Jodie Foster on lion attacks, ghost stories & why acting in French was her biggest fear

Jodie Foster may have survived a lion mauling and outrun screen killers, but her latest role presented a new kind of terror: a 100-page script in French.

At 63, the double Academy Award winner is entering a new chapter. In Vie Privée (A Private Life), Foster takes on her first starring role en français, playing an American expat therapist in Paris who descends into a shadowy double life as a private detective. Despite being a fluent speaker since the age of nine, Foster admits the linguistic leap was daunting.

“Mostly, I was scared,” Foster tells W Magazine. “What if I said something wrong? In French, my voice is very high because I learned from women who spoke that way. My character has a much more feminine way about her than my usual ‘froggy’ voice.”

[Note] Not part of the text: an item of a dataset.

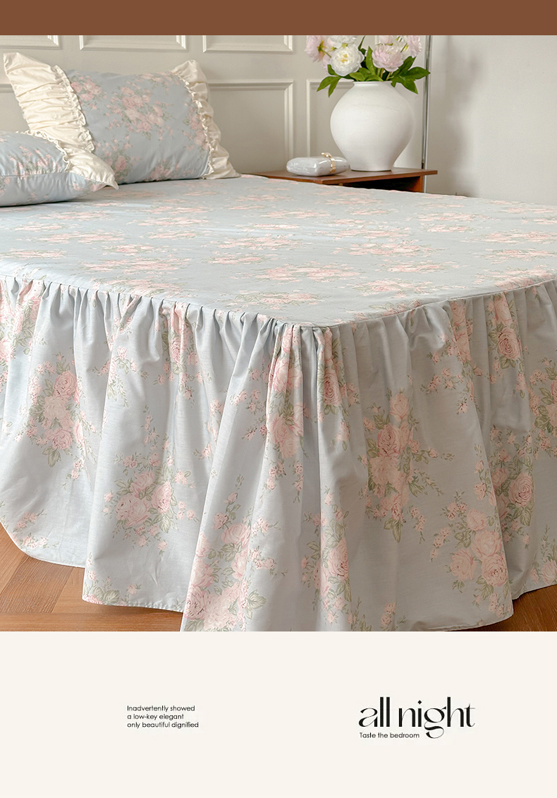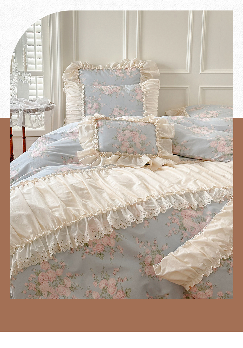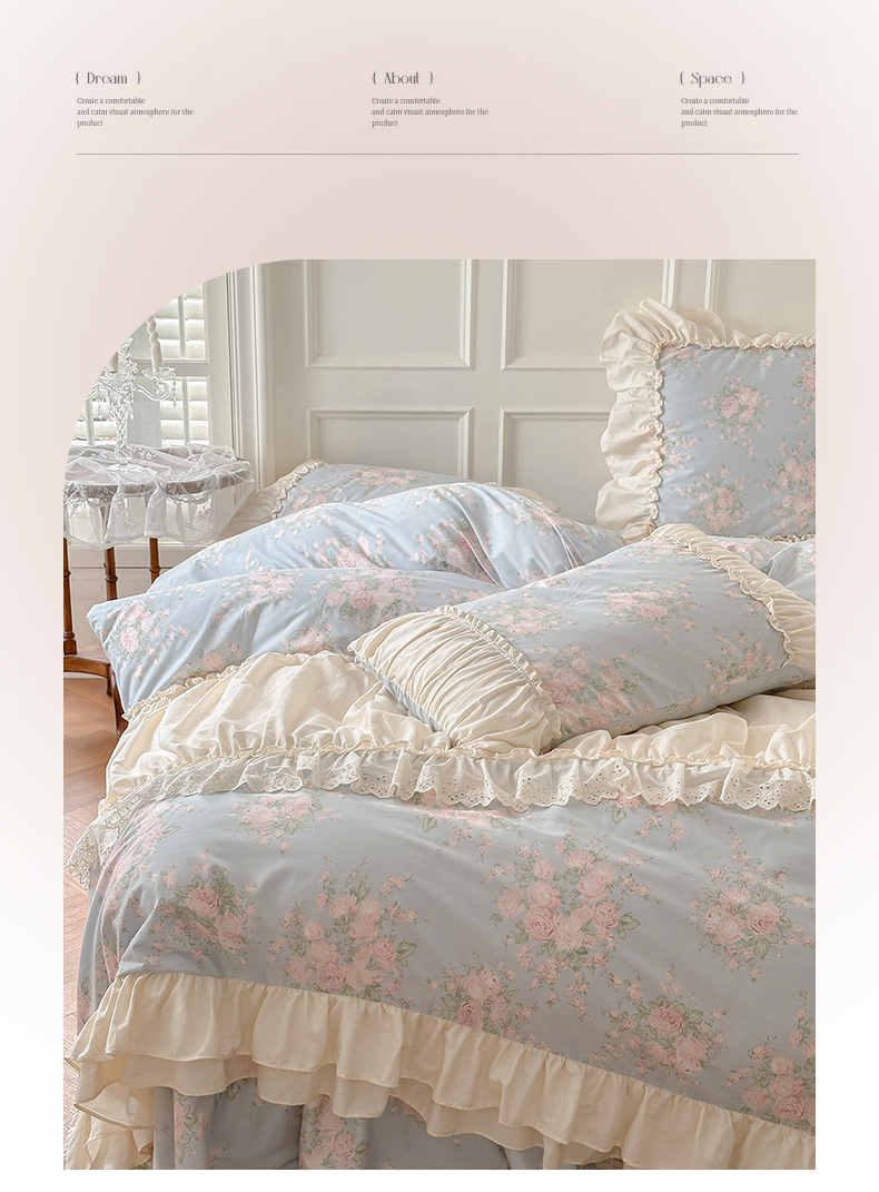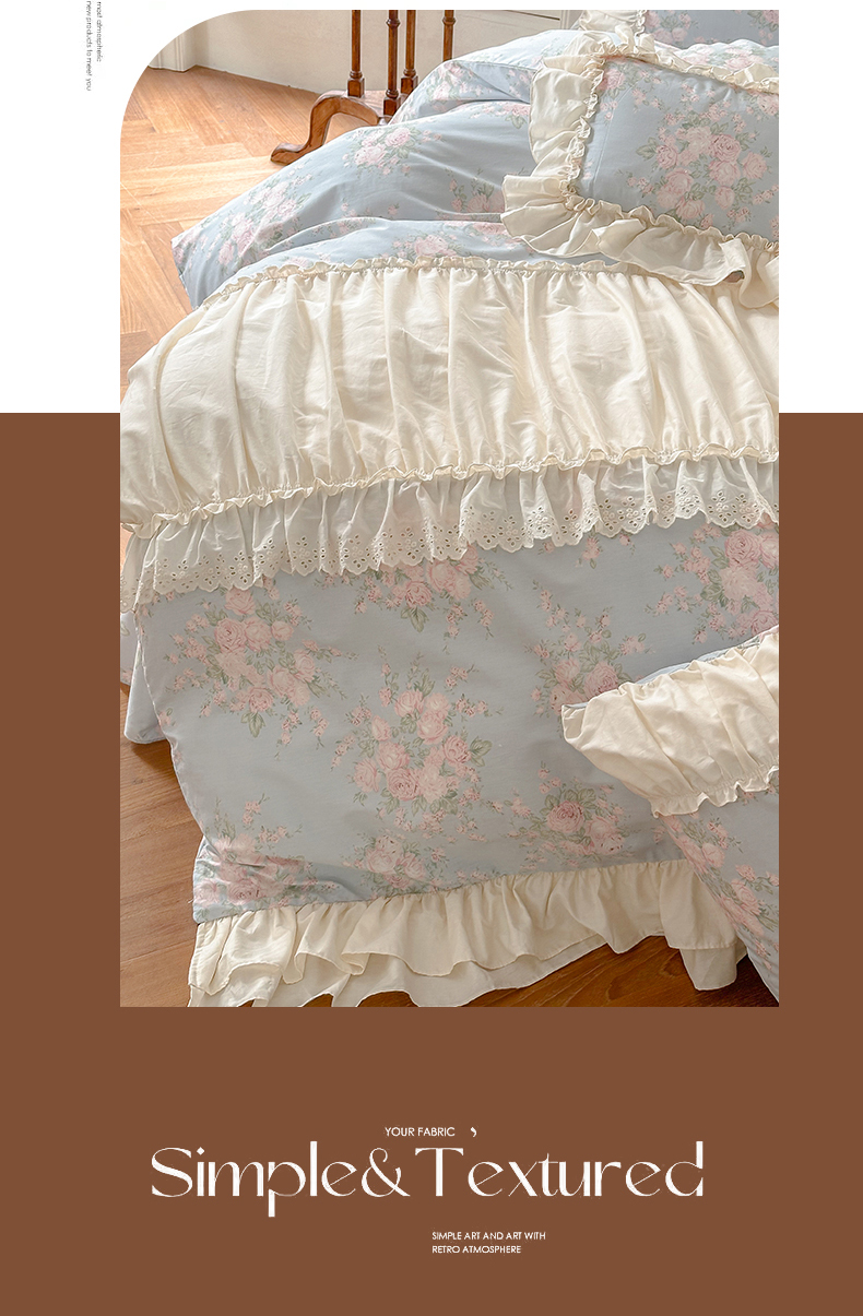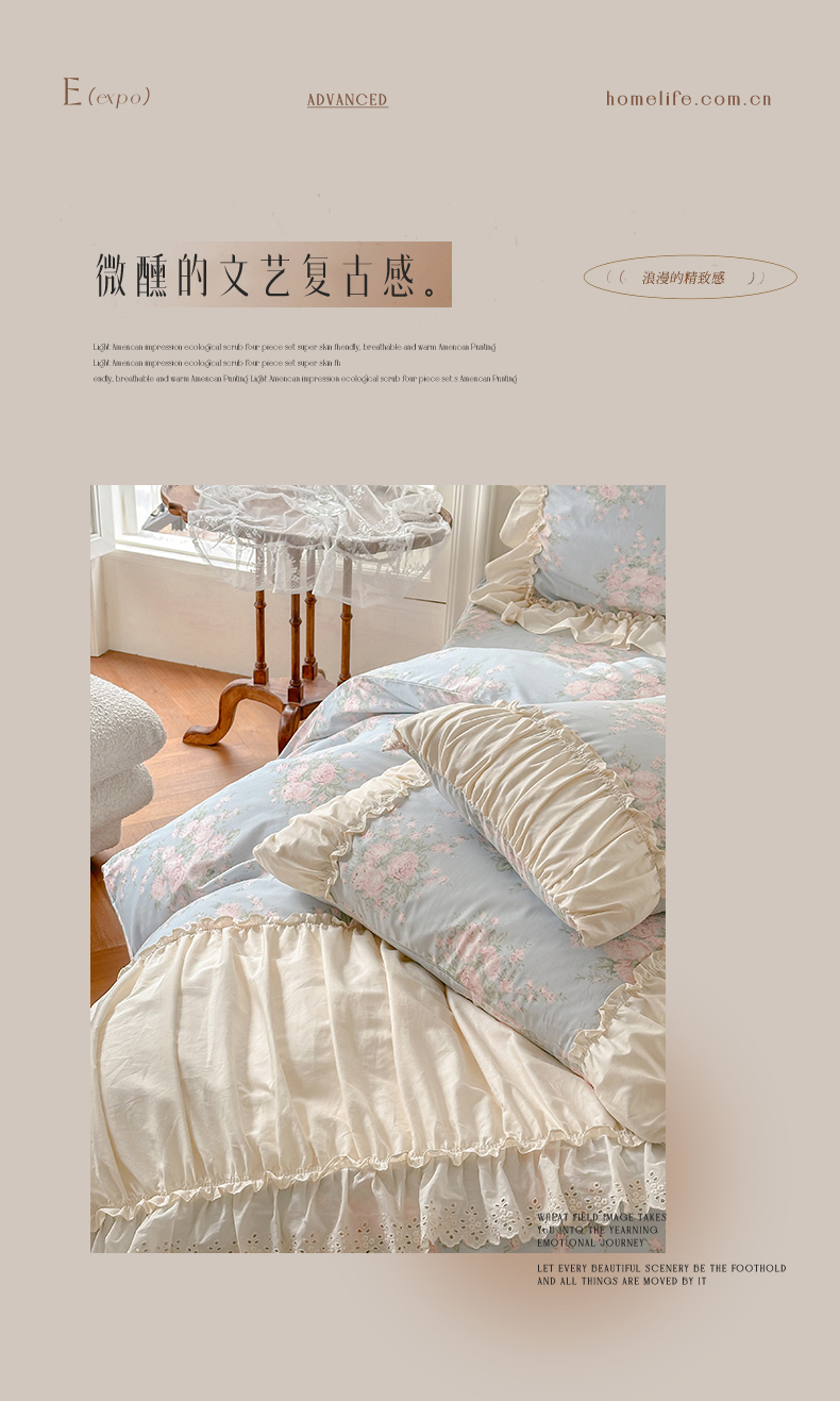 婳庭家居 2024新款法式全棉印花四件套 花卉-浅蓝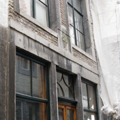 Huis met smalle lijstgevel, XVIII. Vensters ten dele in Naamse steen. Ingang met aangekoppeld venster in Naamse steen.

The performance, which premiered at the Cannes Film Festival, has been hailed as a career high, with critics noting that Foster’s signature intensity translates perfectly across the Channel.

While Vie Privée features a haunting apparition, Foster remains a pragmatist. “I believe there are energies we don’t know, so why not believe in ghosts?” she muses. Yet, her taste in cinema leans toward the psychological. Despite The Silence of the Lambs being a genre staple, she views it as a thriller. Her true horror picks? Get Out, Nope, and her all-time favourite, Hereditary.

Few actors can claim to have been literally chewed out by their co-stars. Foster recalls a terrifying incident as a child actor: “I was mauled by a lion. He picked me up, shook me around, and moved me horizontally. I had four perfect puncture wounds on my hips.” In a display of the steely grit that would later define her career, she returned to work with the same lion immediately after leaving the hospital.

Though she describes herself as someone who “doesn’t cry in life,” the cinema remains her sanctuary for catharsis. “My place to cry is in the dark,” she admits. “I’m a little ashamed to say that when I saw Ghost, I couldn’t stop.”

Between the “itch” to create and the simple joy of taking out the rubbish at home, Foster continues to balance Hollywood royalty with a remarkably grounded reality, even if she does keep a collection of miniature American football helmets in two different cities.